Why have Dickens’ books continued to speak to us 150 years later? Perhaps it is because of Dickens’ suffering in his painful childhood. His parents moved more than 20 times in 18 years. Since Dickens’ father was sent to debtors’ prison and Charles Dickens to a blacking factory, he was able to tell compelling stories of degradation and abuse. The average Londoner in the 1840s died by age 27, with almost half of the deaths being children under the age of 10. Dickens was deeply disturbed by the poverty, hunger, and ignorance, as well as by the indifference of the rich and powerful to the widespread suffering. George Bernard Shaw said that Dickens’ book Little Dorritt is more seditious than Karl Marx’s Das Kapital.
The ideals of family life and generosity to the poor in Dickens’ classic A Christmas Carol continue to strike a chord today with countless millions. Dickens, like many of us, was at his best at Christmas, letting down his hair, resting from his frenetic writing, and enjoying the warmth of family and good food. Dickens had a very deep faith in the Christ of Christmas. The last Dickens book The Life of Our Lord was published posthumously 85 years later. Written for his 10 children, it shows both his love for Jesus and one’s neighbours: “My dear children, I am very anxious that you should know something about the History of Jesus Christ. For everybody ought to know about Him. No one ever lived, who was so good, so kind, so gentle, and so sorry for all people who did wrong, or were in anyway ill or miserable, as he was.”
Despite his high ideals, Dickens was often tempted to be a Scrooge. The financial pressure was enormous and unrelenting. With little initial profit from A Christmas Carol, Dickens wrote: “I shall be ruined beyond all mortal hope of redemption.” Fortunately for Dickens, Americans turned A Christmas Carol into a bestseller. Dickens visited the United States twice, both times being treated like a Hollywood superstar, even being chased by paparazzi.

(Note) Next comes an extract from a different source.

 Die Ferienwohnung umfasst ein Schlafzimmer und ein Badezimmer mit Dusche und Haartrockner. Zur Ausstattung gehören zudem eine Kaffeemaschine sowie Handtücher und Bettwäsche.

Marrying on the rebound, Dickens chose a wife to whom he was not romantically attracted. Catherine Hogarth Dickens did not live up to his fictional ideals of women who were perpetually young, attractive, thin, and emotionally passionate. While she loved being at home looking after her large family, he wanted to be on the go, particularly abroad. The more anxious Dickens became, the faster he went and the slower Catherine went. Before he developed painful gout, he would walk 12 miles every night. It was his way of both de-escalating and carefully observing his environment for new book material. Dickens commented: “If I couldn’t walk fast and far, I should just explode and perish.”

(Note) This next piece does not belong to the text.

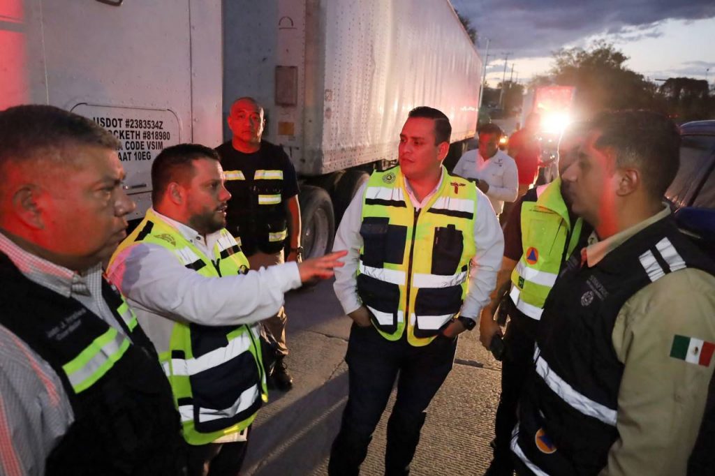 En compañía de personal operativo, Mario Alberto Victoria Cárdenas, Subdirector de Atención de Emergencias de la Coordinación Nacional de Protección Civil, Luis Gerardo González de la Fuente y Juan José Perales Jaramillo, de PC Estatal y Municipal, inspeccionaron los drenes del Eje Vial, Avenida La Paz y de desemboque del boulevard Praxedis Balboa al río San Marcos.

Sadly, after a marital conflict, Dickens had a partition built in their bedroom, cutting himself off from his wife. Rather than celebrate his wife’s very different personality, he resented her for not being just like himself: “…nothing on earth could make her understand me, or suit us for each other. Her temperament will not go with mine…no one can help me.” Because he had never forgiven his mother for trying to send him back to the blacking factory, it poisoned his relations with his wife: “I never afterward forgot, I never shall forget, I never can forget, that my mother was warm for my being sent back.” Bitterness betrays our highest ideals and turns us into Scrooges. Dickens, under pressure, portrayed himself as a victim, blaming others rather than owning his personal baggage. Remarkably his wife Catherine stayed loyal to her painful husband, going to productions of his work and keeping up with his publications even after the divorce. In the midst of his rejecting his wife, many friendships were cut off, publishers fired, theatricals ended, family vacations ceased, and his charitable work with heiress Angela Burdett-Coutts brought to an end. The breakup of Dickens’ marriage and the secret infatuation that he had with Nelly Ternan wore Dickens out. In the last part of his life, he was as sick as his secrets, exhausted by his cover-ups. Despite Dickens’ tragic male/female relationships, his unforgettable vision for a better society still speaks to us in the early 21st Century.